‘Euphoria’ Feels Like A Porn Parody of Degrassi with A Magic Pixie Dream Negro

Jesi Taylor Cruz
Jun 20 · 6 min read
Image Source: HBO

CW: mention of drugs, sexual assault, pedophilia

One of the things I love most about Degrassi: The Next Generation — particularly seasons one through seven — is its honest, often heartbreaking, portrayal of life for teens as they navigate drug abuse, alcoholism, eating disorders, sex, intimacy, gender and sexual identity, and other controversial issues. Degrassi was no stranger to scenes depicting sexual assault, intimate partner violence, self-harm, and other potential triggering subject matter but the depictions never felt forced or gratuitous, nor did they ever make me feel like a pervert simply for watching.

As a survivor of child sexual abuse, and multiple instances of sexual assault as an adult, I tend to be hypercritical of content that depicts sexual content involving children.

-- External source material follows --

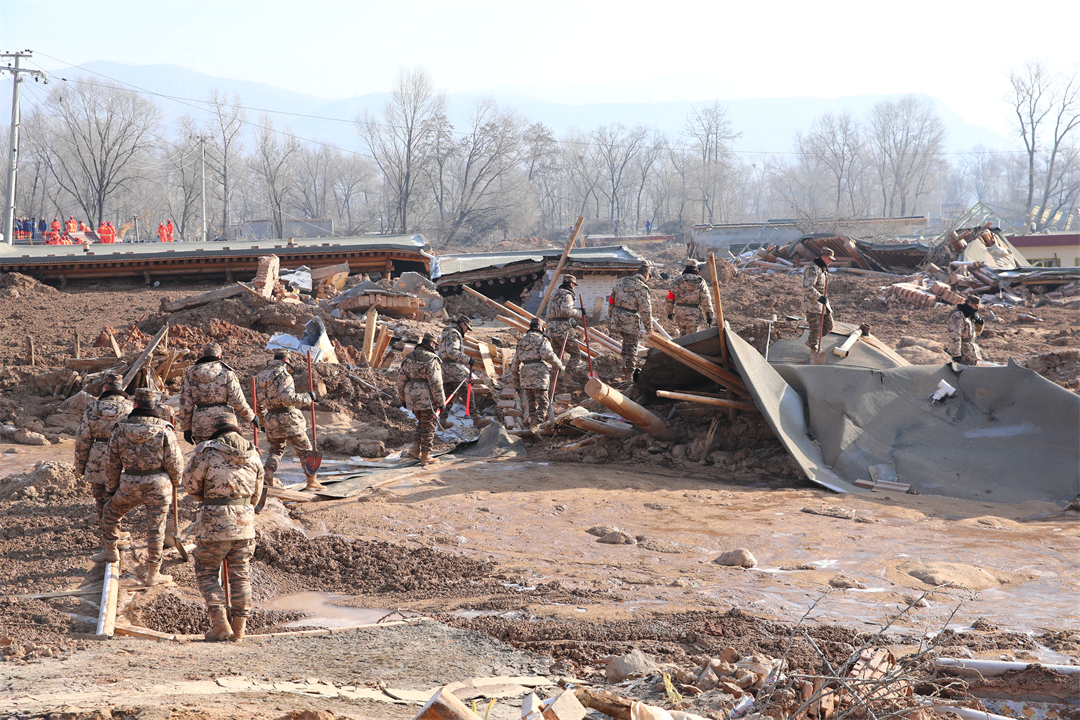 圖為12月20日,武警青??傟?duì)機(jī)動(dòng)一支隊(duì)官兵在青海省海東市民和縣中川鄉(xiāng)草灘村泥石流現(xiàn)場(chǎng)進(jìn)行搜救。羅元?jiǎng)P 攝

Especially when the actors who are cast to play children are obviously adults. By ‘obviously adults’ I mean that the actors are well-known in pop culture as being adults not, necessarily, that the actors “look like adults” because the latter designation is rife with problematic assumptions that, for the sake of brevity, I won’t discuss here.

Four years ago, Alicen Grey published an article in which she encouraged readers to think about, what she calls, pedophilia culture. In it she argued that while “pedophilia may seem taboo and despised by the masses, but an honest appraisal of our culture at large reveals otherwise.” She went on to propose that “pedophilia is actually rewarded and celebrated, and that our entire culture and understanding of sexuality is constructed around what seem to be pedophilic desires.”

In like fashion, Ossiana Tepfenhart wrote about the elusive nature of pedophilia culture and claimed that even though “the media knows sexualizing children is inappropriate, the truth is that we see kids in media being portrayed in sexual ways all the time.” Tepfenhart went on to explain that, like rape culture, “examples of pedophile culture are often glossed over or refuted altogether.”

Image Source: HBO

As I watched the pilot episode for “Euphoria”, I was immediately reminded of the years old articles about pedophilia culture and wondered if I was the only one feeling that type of discomfort. I told my partner that the show felt like Degrassi: The Next Generation as written by Hunter S. Thompson. I appreciate the perspective-driven narratives, diversity of the cast, overall premise, and superb acting as featured in Euphoria but I can’t shake the fact that I felt like I was watching adults pretend to be children.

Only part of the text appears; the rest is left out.